EXERCISE REQUIREMENTS: When you copy the material below, keep every line exact and drop the pictures.

INFORMATION SUPPLIED:
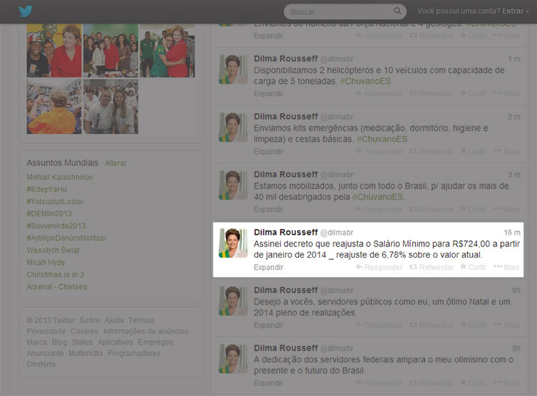 A presidenta Dilma Rousseff confirmou ontem (23) o aumento do salário mínimo para R$ 724 em 2014, 6,78% a mais do que os R$ 678 atuais. Em uma publicação na rede social Twitter no final da tarde desta terça-feira, a presidenta informou que assinou o decreto que viabiliza o ajuste. Esse valor estava previsto no orçamento da União, aprovado pelo Congresso na semana passada. Ao comemorar a aprovação, Dilmadisse que Executivo e Legislativo têm estabelecido uma relação “muito construtiva” e que o Congresso tem sido um “grande parceiro” do governo.
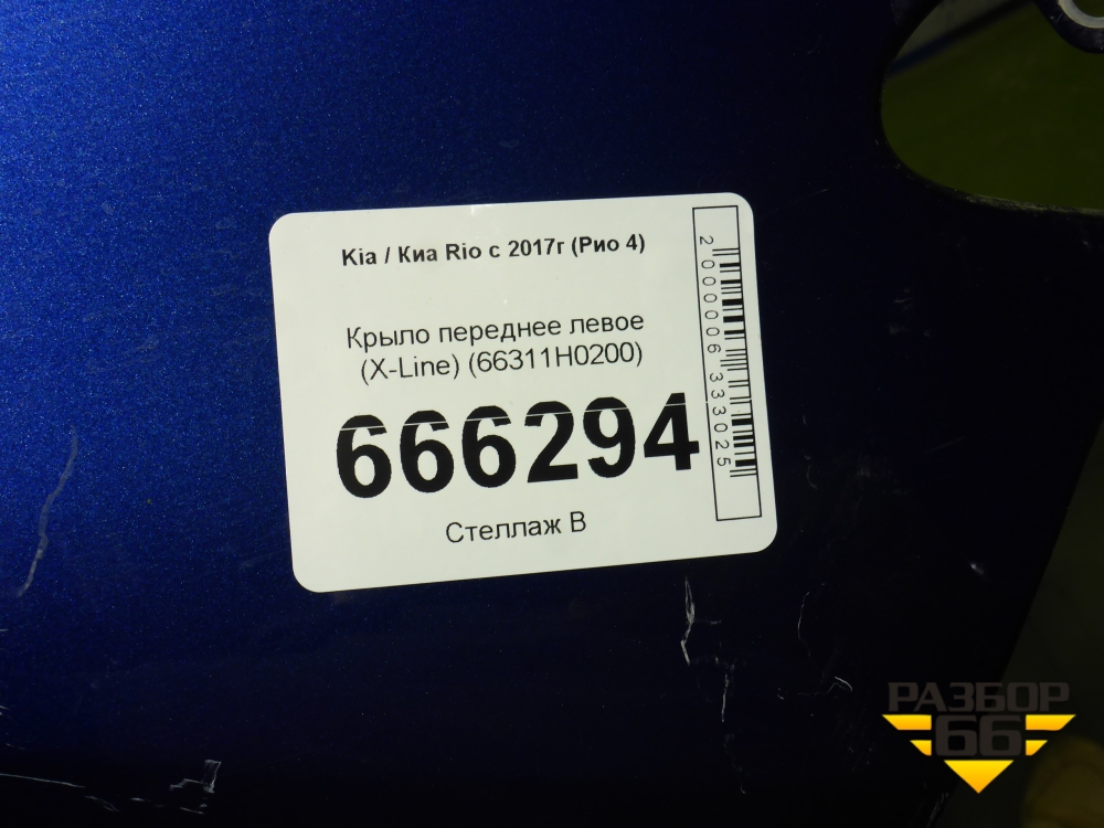 Крыло переднее левое (X-Line) (66311H0200) для Kia Rio с 2017г (Рио 4) в Уфе
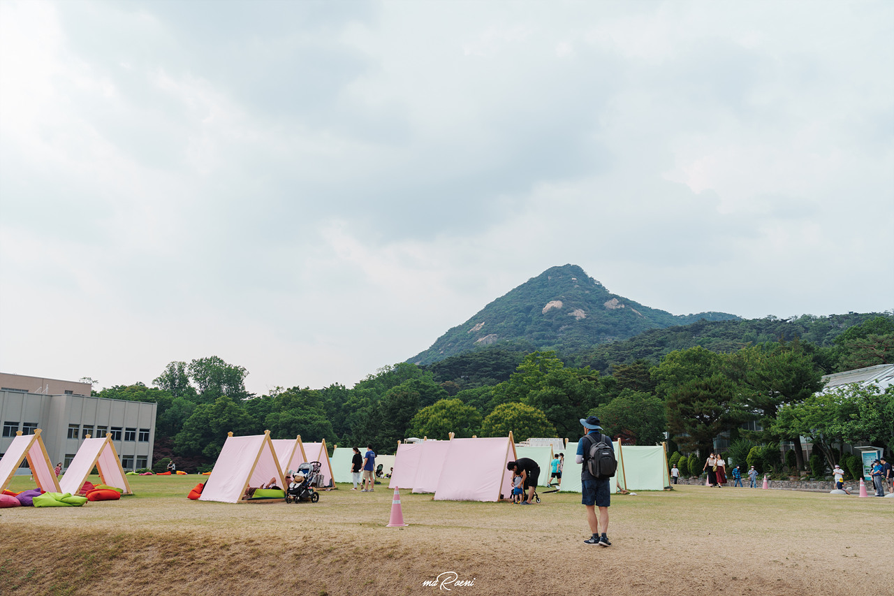 춘추관을 빠져나가면 눈앞에 커다란 잔디밭이 펼쳐지는데, 이곳이 청와대의 헬기장이라고 한다. 현재는 관람객들의 편의를 위해 텐트와 그늘막, 빈백이 설치되었으며 따로 예약을 하지 않아도 누구나 자유롭게 이용할 수 있다고 하더라. 근데 우리는 조금 늦게 도착하기도 했고, 이곳저곳 구경하기에도 시간이 빠듯한 것 같아서 스킵했다.

SOLUTION:
 A presidenta Dilma Rousseff confirmou ontem (23) o aumento do salário mínimo para R$ 724 em 2014, 6,78% a mais do que os R$ 678 atuais. Em uma publicação na rede social Twitter no final da tarde desta terça-feira, a presidenta informou que assinou o decreto que viabiliza o ajuste. Esse valor estava previsto no orçamento da União, aprovado pelo Congresso na semana passada. Ao comemorar a aprovação, Dilmadisse que Executivo e Legislativo têm estabelecido uma relação “muito construtiva” e que o Congresso tem sido um “grande parceiro” do governo.
 Крыло переднее левое (X-Line) (66311H0200) для Kia Rio с 2017г (Рио 4) в Уфе
 춘추관을 빠져나가면 눈앞에 커다란 잔디밭이 펼쳐지는데, 이곳이 청와대의 헬기장이라고 한다. 현재는 관람객들의 편의를 위해 텐트와 그늘막, 빈백이 설치되었으며 따로 예약을 하지 않아도 누구나 자유롭게 이용할 수 있다고 하더라. 근데 우리는 조금 늦게 도착하기도 했고, 이곳저곳 구경하기에도 시간이 빠듯한 것 같아서 스킵했다.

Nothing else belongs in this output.